My home state of California isn’t the only state in the nation with dumb laws. Having lived and worked in Europe and Latin America for nearly 18 years of my adult life, I love the big-market dynamics of the U.S. What other country affords you a market of 330 million citizens under one currency, one official language and, until recently, one largely uniform business operating environment? Let’s stay united, folks. 

What Will It Take To Improve Diversity at Conferences?

Too many speakers at business events and conferences are white men. And though many organizers, including The Lodging Conference and, I humbly add, Questex, are doing a good job of bringing in more diversity, we still have a long way to go. 

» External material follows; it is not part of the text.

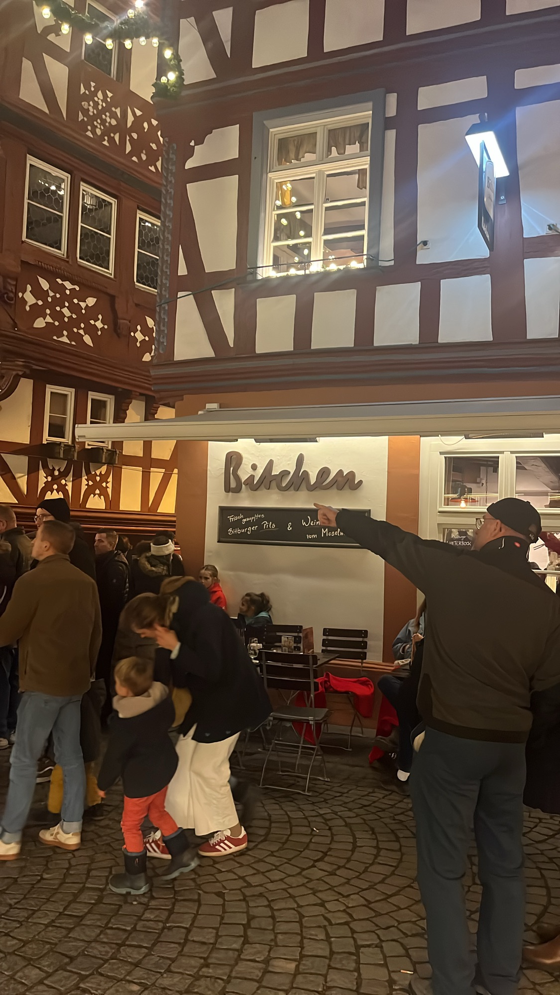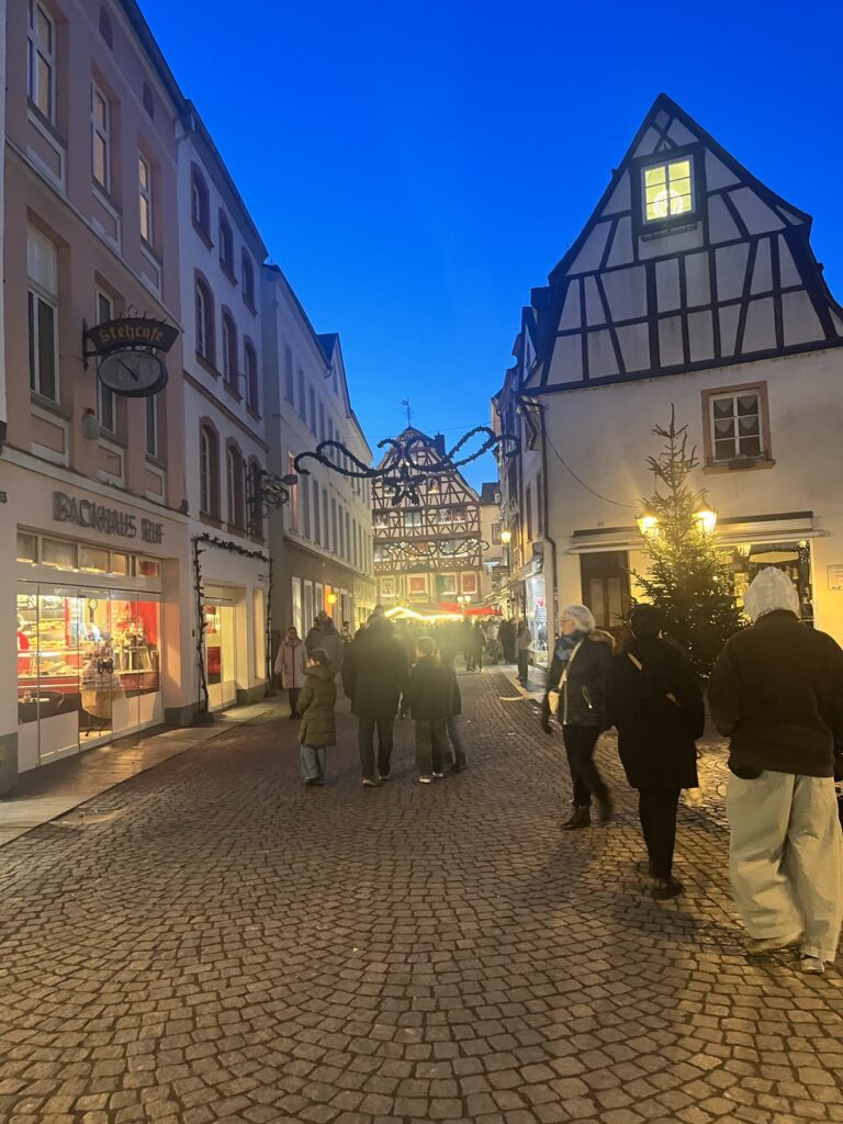 As we arrived across the other side of the bridge, we could peer into narrow market streets, classic old German buildings; more gingerbread houses! The narrow entrance opened out into a lively square that was full of people making merry, and Christmas music playing. It was really magical to walk into this from the entrance, and I couldn’t help but have a dopey grin on my face.

We know that speaking at a conference is an important and essential milestone in career and professional advancement. However, many organizers still struggle to fill their speaking slots with diverse perspective and panelists. The truth is, we can’t do this alone. Therefore, what if we all agreed to pursue the following guidelines to improve gender and racial diversity at our industry’s events:

  1. Publish our goals for number or ratio of gender and racial speakers. Share those goals with the industry, our sponsors, partners and advisory boards and collectively work on the goal together. 
  2. Ask for speaker recommendations from a diverse group of people. Dare I admit that asking a group of white men for speaker recommendations will likely lead us right back to the same speakers we’ve always had. 
  3. Pass the baton. Great speakers are hard to find and we tend to go back to the same well based off performance and seniority. We would all benefit by sharing the stage. 
  4. Stop putting women and people of color on the DE&I panels. A professional woman, LGBTQ or person of color should be given the opportunity to speak about their craft and their expertise. I don’t get asked to speak about what it’s like being a man and frankly we should stop asking others to only speak about their identity at the expense of their expertise. 

Finally, thanks to Harry Javer and the entire Lodging Conference team, as well as the staff at the JW Marriott Desert Ridge, for an incredible stay and impeccable service. We’ve come a long way and through a pandemic. Let’s keep the momentum going.

Alexi Khajavi is group president, travel and hospitality, at Questex.